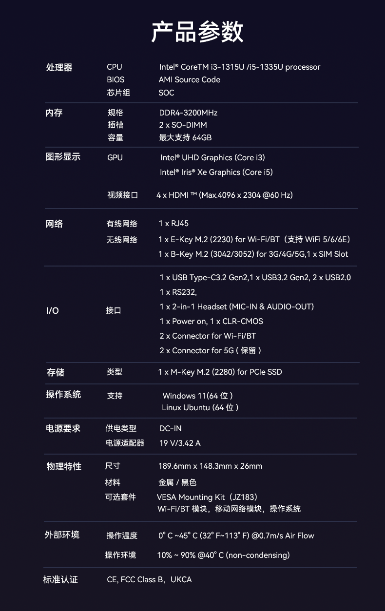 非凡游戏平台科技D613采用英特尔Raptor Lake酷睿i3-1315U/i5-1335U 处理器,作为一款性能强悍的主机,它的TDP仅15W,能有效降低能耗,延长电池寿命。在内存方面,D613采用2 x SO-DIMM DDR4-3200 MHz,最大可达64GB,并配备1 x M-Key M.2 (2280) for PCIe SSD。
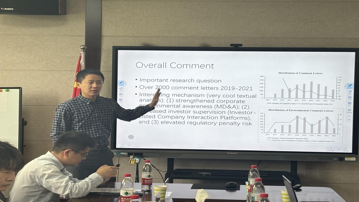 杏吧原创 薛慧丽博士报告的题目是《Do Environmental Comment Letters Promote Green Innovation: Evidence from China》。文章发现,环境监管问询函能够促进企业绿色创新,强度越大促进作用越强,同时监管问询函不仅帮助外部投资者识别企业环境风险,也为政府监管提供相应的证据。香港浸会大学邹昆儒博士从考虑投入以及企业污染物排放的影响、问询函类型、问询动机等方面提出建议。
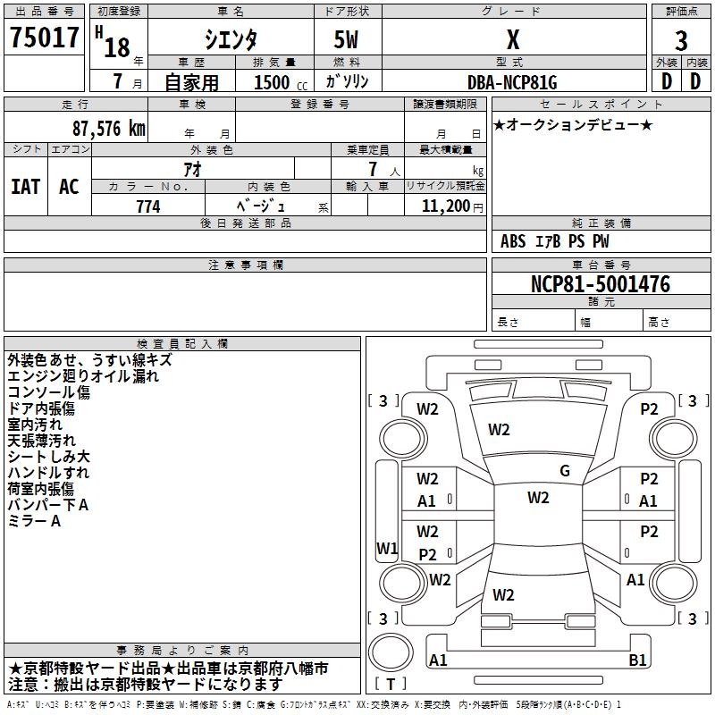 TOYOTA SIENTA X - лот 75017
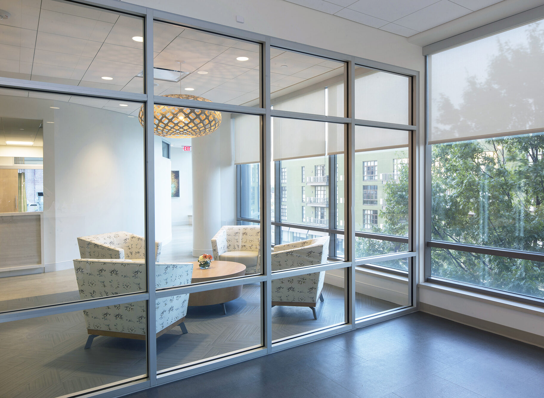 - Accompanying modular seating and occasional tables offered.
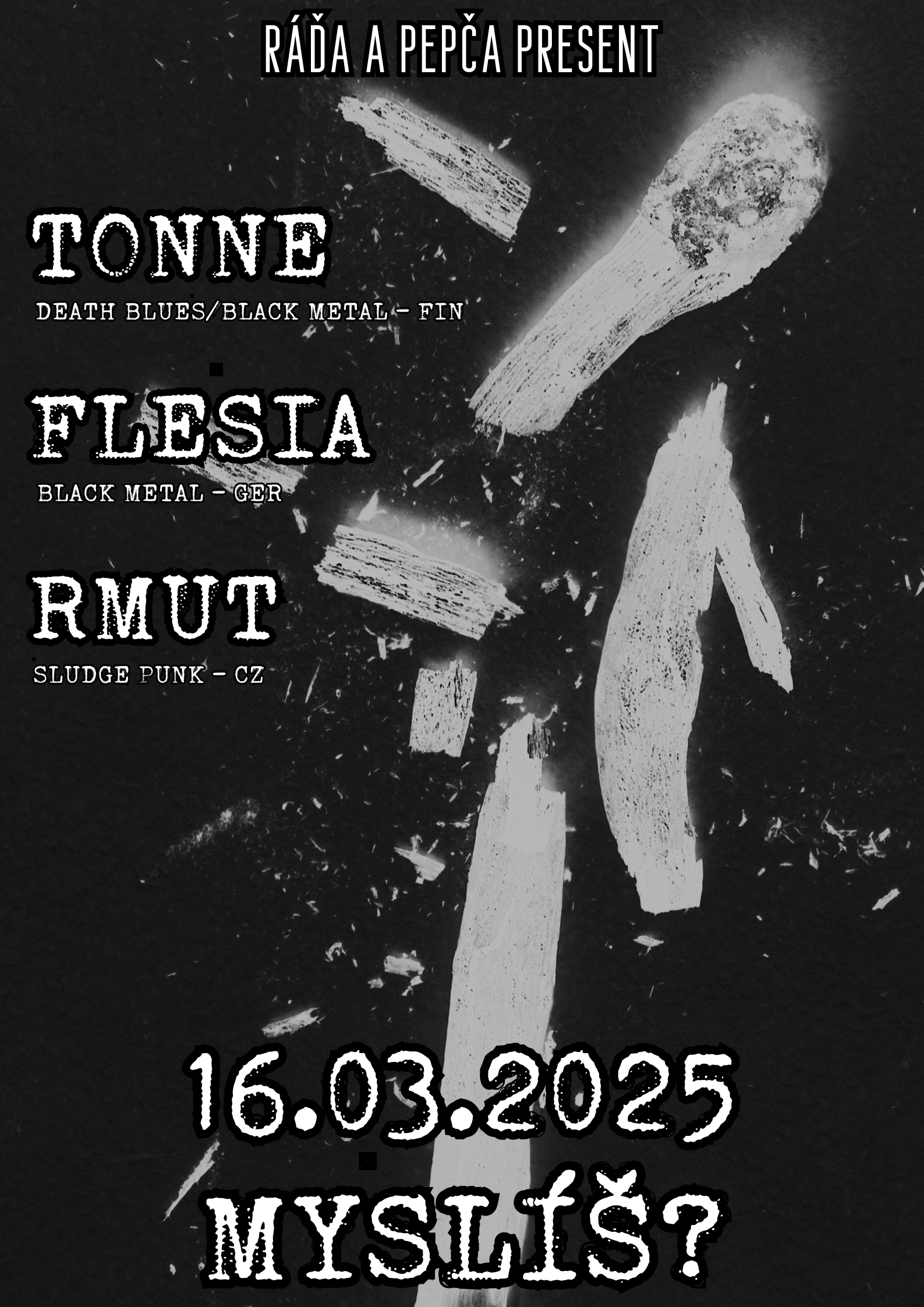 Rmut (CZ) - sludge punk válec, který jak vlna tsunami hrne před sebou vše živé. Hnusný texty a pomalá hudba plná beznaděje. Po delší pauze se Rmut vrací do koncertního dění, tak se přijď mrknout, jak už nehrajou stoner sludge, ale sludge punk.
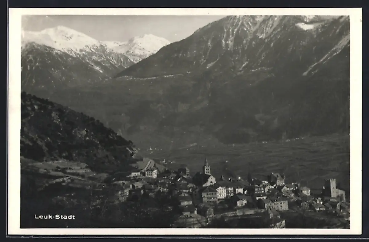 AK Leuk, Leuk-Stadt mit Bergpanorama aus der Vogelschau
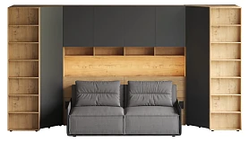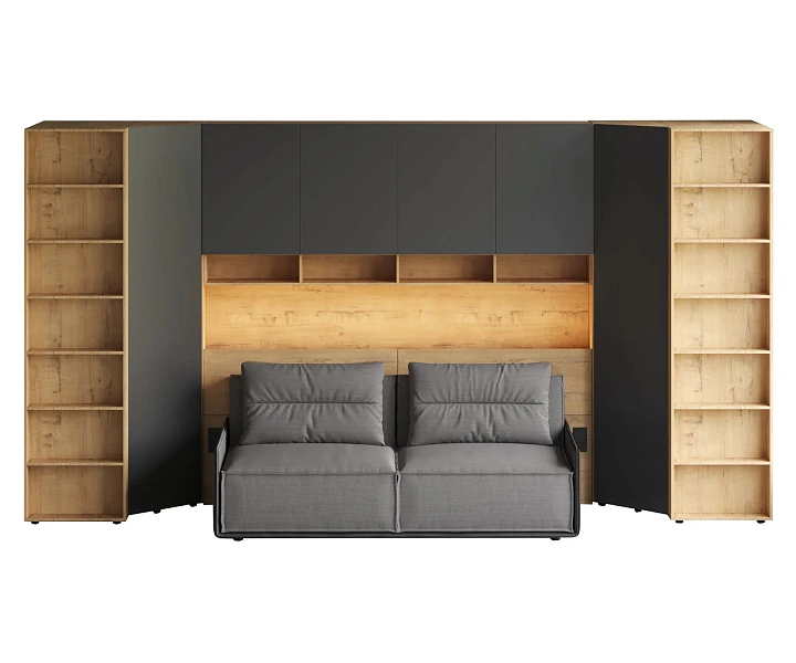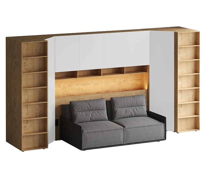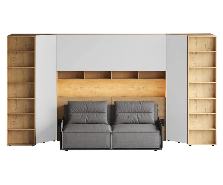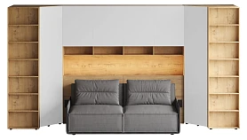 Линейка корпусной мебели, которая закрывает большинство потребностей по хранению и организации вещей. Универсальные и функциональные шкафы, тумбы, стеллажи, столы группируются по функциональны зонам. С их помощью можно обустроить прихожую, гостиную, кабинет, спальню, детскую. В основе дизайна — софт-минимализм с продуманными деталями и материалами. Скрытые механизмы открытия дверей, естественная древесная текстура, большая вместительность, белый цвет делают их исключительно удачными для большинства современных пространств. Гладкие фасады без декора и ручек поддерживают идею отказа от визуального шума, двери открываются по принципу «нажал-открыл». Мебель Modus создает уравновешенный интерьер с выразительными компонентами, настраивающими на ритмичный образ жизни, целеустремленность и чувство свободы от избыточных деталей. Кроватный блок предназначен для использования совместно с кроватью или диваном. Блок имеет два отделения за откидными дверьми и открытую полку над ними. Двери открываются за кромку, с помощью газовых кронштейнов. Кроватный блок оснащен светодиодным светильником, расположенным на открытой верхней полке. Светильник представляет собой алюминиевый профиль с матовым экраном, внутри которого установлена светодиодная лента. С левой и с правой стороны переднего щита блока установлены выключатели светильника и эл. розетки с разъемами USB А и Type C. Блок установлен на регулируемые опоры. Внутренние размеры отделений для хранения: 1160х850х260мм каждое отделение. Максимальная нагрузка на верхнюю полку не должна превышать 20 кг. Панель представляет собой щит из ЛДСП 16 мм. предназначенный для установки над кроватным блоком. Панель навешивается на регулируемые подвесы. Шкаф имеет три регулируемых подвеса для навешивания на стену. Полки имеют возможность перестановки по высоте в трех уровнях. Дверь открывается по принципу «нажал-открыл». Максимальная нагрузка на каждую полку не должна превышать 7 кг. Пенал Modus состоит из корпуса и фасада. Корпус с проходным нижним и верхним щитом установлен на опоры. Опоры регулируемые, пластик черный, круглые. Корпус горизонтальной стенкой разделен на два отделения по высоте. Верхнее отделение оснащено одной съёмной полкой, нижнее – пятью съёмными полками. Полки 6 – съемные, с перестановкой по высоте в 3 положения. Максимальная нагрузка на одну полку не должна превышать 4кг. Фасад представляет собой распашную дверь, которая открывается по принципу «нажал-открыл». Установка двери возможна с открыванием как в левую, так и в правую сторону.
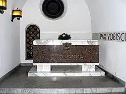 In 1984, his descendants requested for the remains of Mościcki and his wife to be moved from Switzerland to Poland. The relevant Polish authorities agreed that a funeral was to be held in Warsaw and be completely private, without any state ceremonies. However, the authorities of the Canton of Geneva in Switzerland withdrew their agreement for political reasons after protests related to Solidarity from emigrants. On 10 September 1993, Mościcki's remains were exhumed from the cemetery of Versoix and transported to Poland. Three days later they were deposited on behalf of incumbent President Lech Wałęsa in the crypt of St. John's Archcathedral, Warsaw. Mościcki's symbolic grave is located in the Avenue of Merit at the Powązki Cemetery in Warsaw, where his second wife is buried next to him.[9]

************

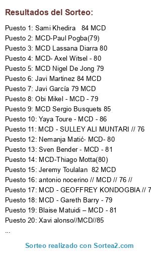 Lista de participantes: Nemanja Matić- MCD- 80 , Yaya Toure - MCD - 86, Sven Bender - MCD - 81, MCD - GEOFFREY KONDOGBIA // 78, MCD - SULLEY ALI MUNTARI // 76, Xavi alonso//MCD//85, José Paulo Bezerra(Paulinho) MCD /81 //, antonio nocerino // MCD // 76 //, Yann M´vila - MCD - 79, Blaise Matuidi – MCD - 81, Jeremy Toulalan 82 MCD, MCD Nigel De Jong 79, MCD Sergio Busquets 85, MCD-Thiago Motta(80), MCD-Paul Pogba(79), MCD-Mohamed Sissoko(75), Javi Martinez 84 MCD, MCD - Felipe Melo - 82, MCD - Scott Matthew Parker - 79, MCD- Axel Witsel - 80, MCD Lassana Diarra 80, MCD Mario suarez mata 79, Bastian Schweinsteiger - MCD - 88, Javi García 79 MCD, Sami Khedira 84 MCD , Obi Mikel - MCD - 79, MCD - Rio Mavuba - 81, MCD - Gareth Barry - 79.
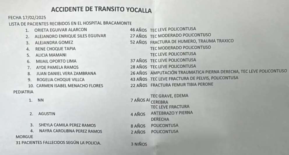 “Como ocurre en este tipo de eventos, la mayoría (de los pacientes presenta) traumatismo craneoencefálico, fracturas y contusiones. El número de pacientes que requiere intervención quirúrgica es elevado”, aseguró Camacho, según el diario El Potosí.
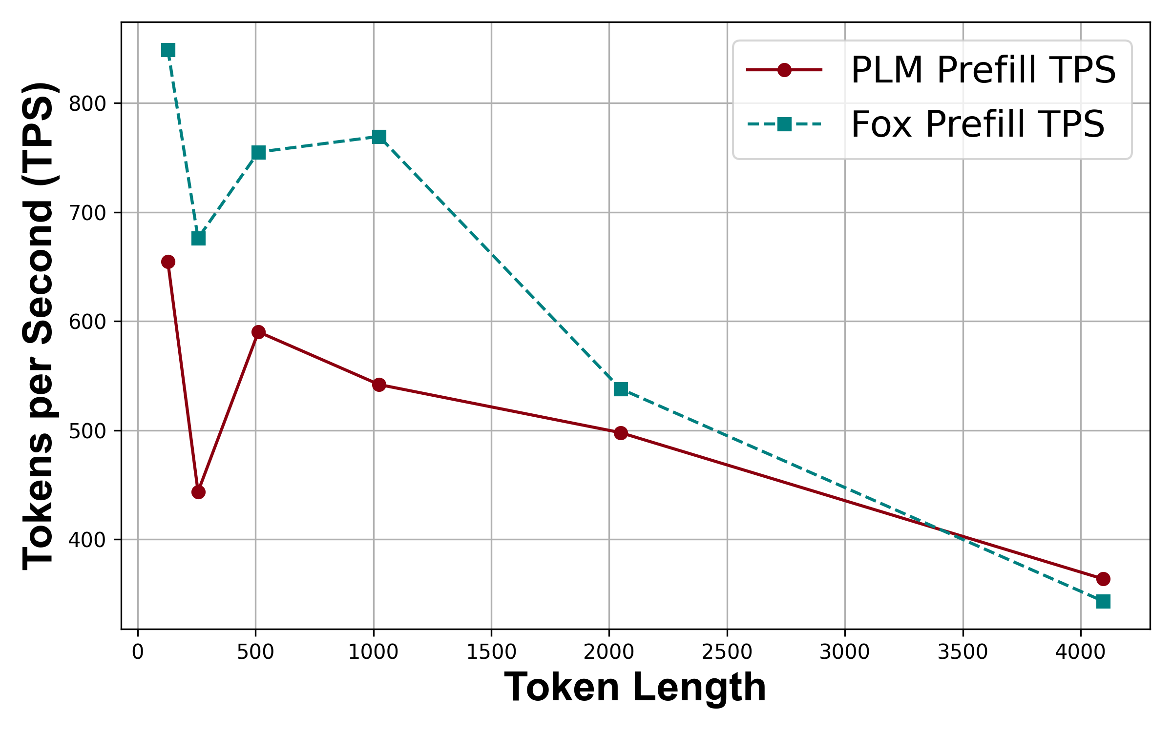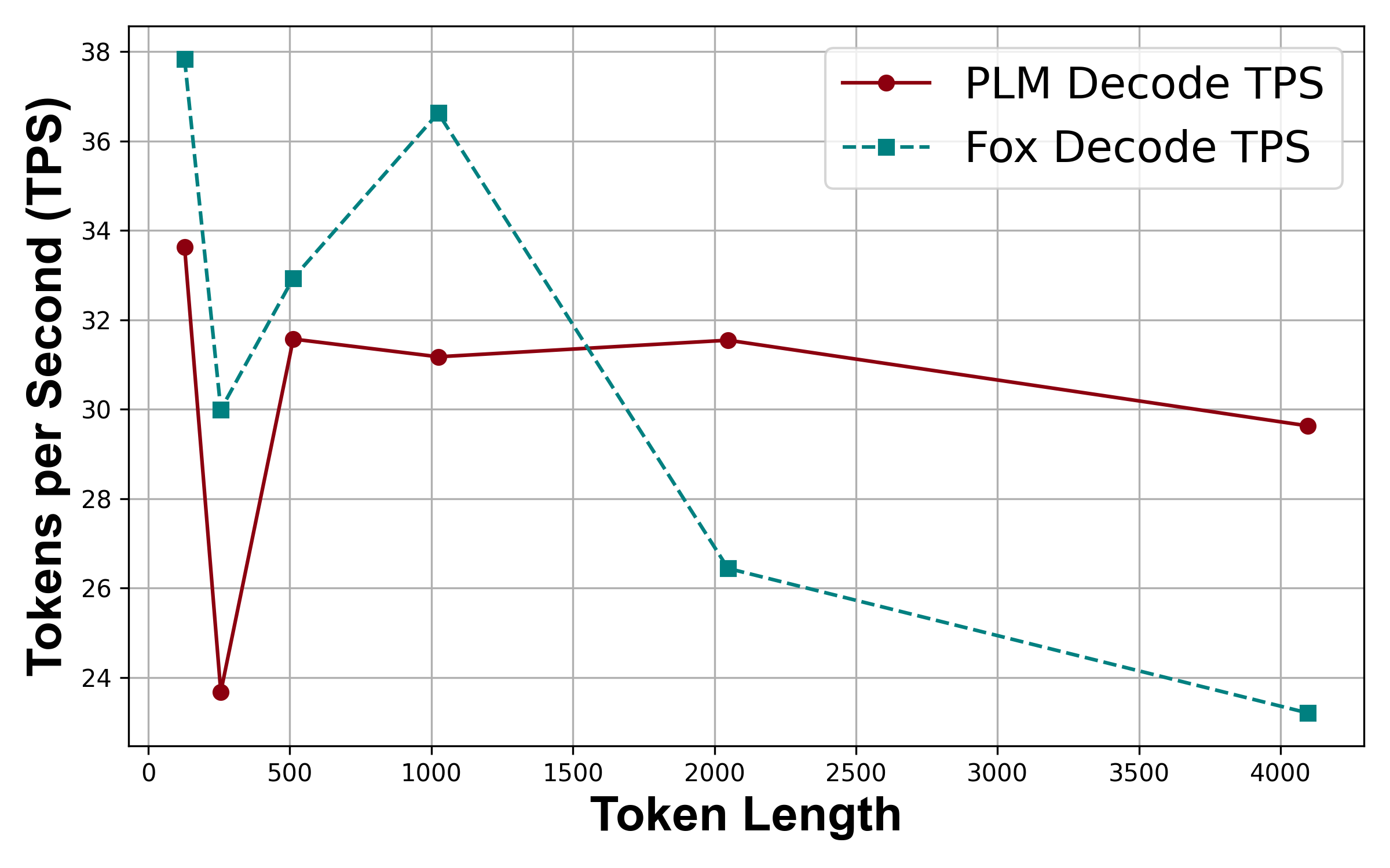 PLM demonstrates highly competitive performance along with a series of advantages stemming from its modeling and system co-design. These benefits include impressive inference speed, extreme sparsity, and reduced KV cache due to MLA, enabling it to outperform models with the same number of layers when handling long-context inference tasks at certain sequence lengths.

************

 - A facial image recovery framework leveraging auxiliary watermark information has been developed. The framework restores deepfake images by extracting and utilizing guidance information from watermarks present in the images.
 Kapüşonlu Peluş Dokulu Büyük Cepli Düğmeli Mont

************

Activity => When copying from the data above, print only the lines from the line containing "for PCIe SSD。" to the line containing "AK Leuk, Leuk-Stadt", exactly, and leave the pictures out.

Solution for this exercise =>
 非凡游戏平台科技D613采用英特尔Raptor Lake酷睿i3-1315U/i5-1335U 处理器,作为一款性能强悍的主机,它的TDP仅15W,能有效降低能耗,延长电池寿命。在内存方面,D613采用2 x SO-DIMM DDR4-3200 MHz,最大可达64GB,并配备1 x M-Key M.2 (2280) for PCIe SSD。
 杏吧原创 薛慧丽博士报告的题目是《Do Environmental Comment Letters Promote Green Innovation: Evidence from China》。文章发现,环境监管问询函能够促进企业绿色创新,强度越大促进作用越强,同时监管问询函不仅帮助外部投资者识别企业环境风险,也为政府监管提供相应的证据。香港浸会大学邹昆儒博士从考虑投入以及企业污染物排放的影响、问询函类型、问询动机等方面提出建议。
 TOYOTA SIENTA X - лот 75017
 - Accompanying modular seating and occasional tables offered.
 Rmut (CZ) - sludge punk válec, který jak vlna tsunami hrne před sebou vše živé. Hnusný texty a pomalá hudba plná beznaděje. Po delší pauze se Rmut vrací do koncertního dění, tak se přijď mrknout, jak už nehrajou stoner sludge, ale sludge punk.
 AK Leuk, Leuk-Stadt mit Bergpanorama aus der Vogelschau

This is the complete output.